---- Records supplied
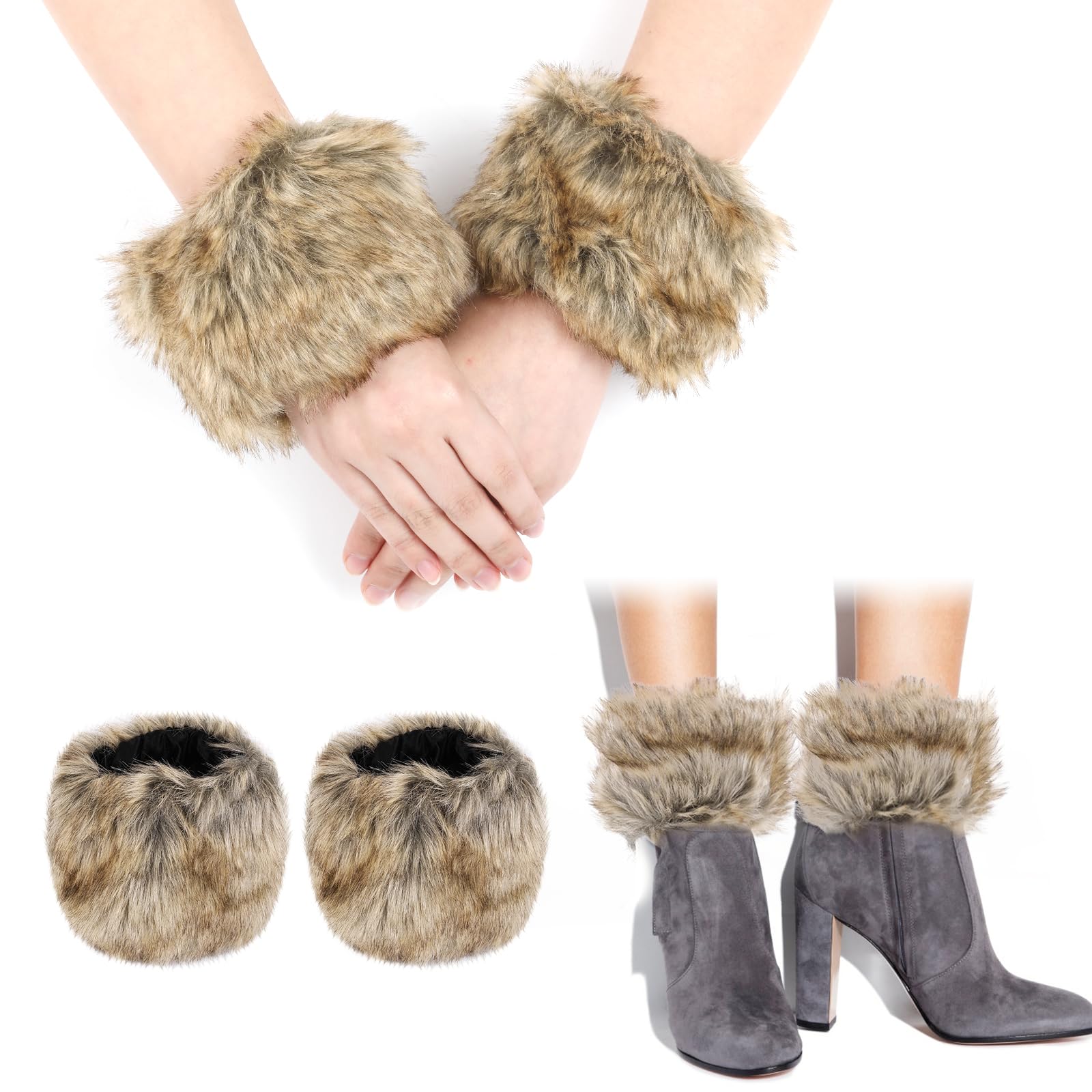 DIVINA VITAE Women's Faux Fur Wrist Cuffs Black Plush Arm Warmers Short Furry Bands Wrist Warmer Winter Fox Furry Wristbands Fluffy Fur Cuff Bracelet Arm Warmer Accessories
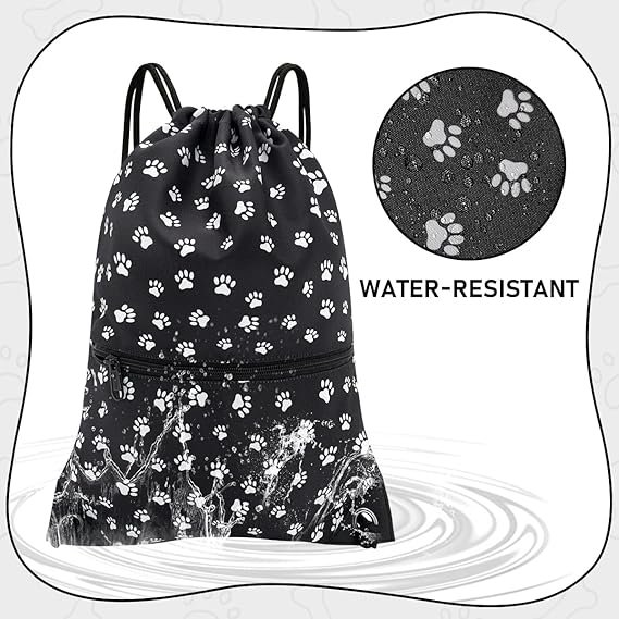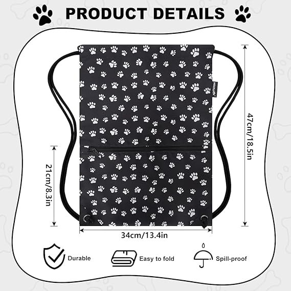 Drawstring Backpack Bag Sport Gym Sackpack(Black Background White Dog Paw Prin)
--------
---- Records supplied
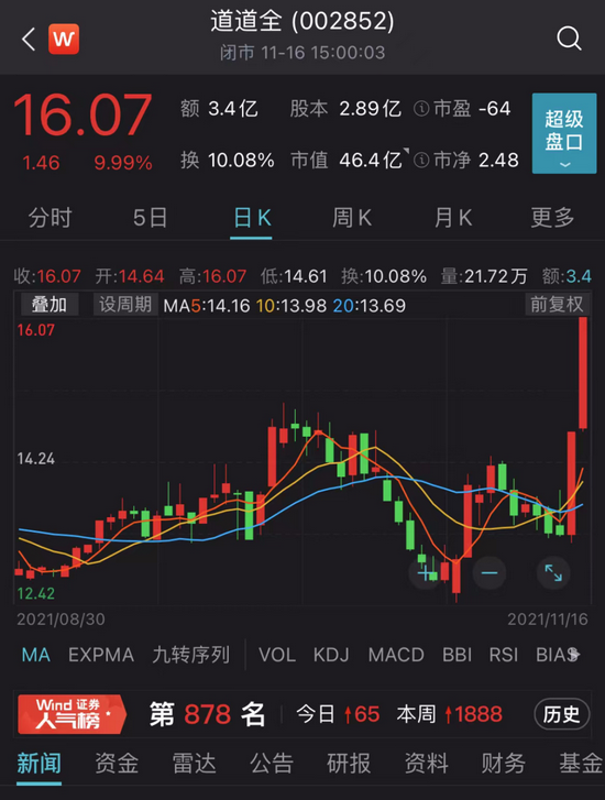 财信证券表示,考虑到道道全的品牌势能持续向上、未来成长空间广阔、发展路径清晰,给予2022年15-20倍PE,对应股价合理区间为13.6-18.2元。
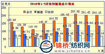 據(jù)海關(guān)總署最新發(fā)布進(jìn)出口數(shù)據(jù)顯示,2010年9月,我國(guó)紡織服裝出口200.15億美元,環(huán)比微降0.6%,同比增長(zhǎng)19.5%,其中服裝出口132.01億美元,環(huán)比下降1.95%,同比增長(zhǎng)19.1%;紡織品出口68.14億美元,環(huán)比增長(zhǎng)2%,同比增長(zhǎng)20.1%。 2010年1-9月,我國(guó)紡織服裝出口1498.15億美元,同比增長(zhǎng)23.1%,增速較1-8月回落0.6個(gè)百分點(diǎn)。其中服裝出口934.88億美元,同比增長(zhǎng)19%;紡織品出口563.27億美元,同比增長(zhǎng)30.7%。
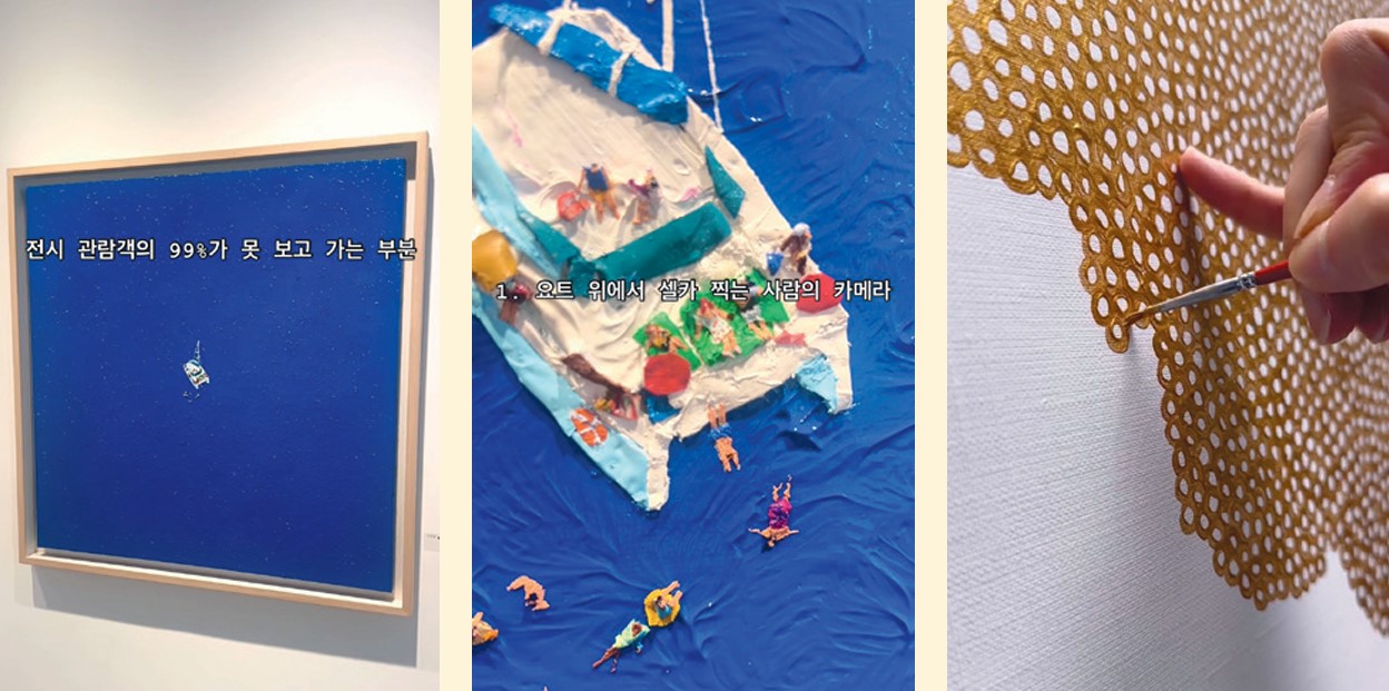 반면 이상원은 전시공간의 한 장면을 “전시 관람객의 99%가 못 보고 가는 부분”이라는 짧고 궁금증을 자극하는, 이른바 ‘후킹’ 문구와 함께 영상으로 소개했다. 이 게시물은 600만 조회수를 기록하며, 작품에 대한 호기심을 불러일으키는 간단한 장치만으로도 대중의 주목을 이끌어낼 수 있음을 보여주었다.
--------
**What you should do**
All lines above from the one containing "據(jù)海關(guān)總" up to and including the one containing "반면 이상원은 전시공간의" are to be set down exactly, and nothing else. Leave images out.

**Task output**
 據(jù)海關(guān)總署最新發(fā)布進(jìn)出口數(shù)據(jù)顯示,2010年9月,我國(guó)紡織服裝出口200.15億美元,環(huán)比微降0.6%,同比增長(zhǎng)19.5%,其中服裝出口132.01億美元,環(huán)比下降1.95%,同比增長(zhǎng)19.1%;紡織品出口68.14億美元,環(huán)比增長(zhǎng)2%,同比增長(zhǎng)20.1%。 2010年1-9月,我國(guó)紡織服裝出口1498.15億美元,同比增長(zhǎng)23.1%,增速較1-8月回落0.6個(gè)百分點(diǎn)。其中服裝出口934.88億美元,同比增長(zhǎng)19%;紡織品出口563.27億美元,同比增長(zhǎng)30.7%。
 반면 이상원은 전시공간의 한 장면을 “전시 관람객의 99%가 못 보고 가는 부분”이라는 짧고 궁금증을 자극하는, 이른바 ‘후킹’ 문구와 함께 영상으로 소개했다. 이 게시물은 600만 조회수를 기록하며, 작품에 대한 호기심을 불러일으키는 간단한 장치만으로도 대중의 주목을 이끌어낼 수 있음을 보여주었다.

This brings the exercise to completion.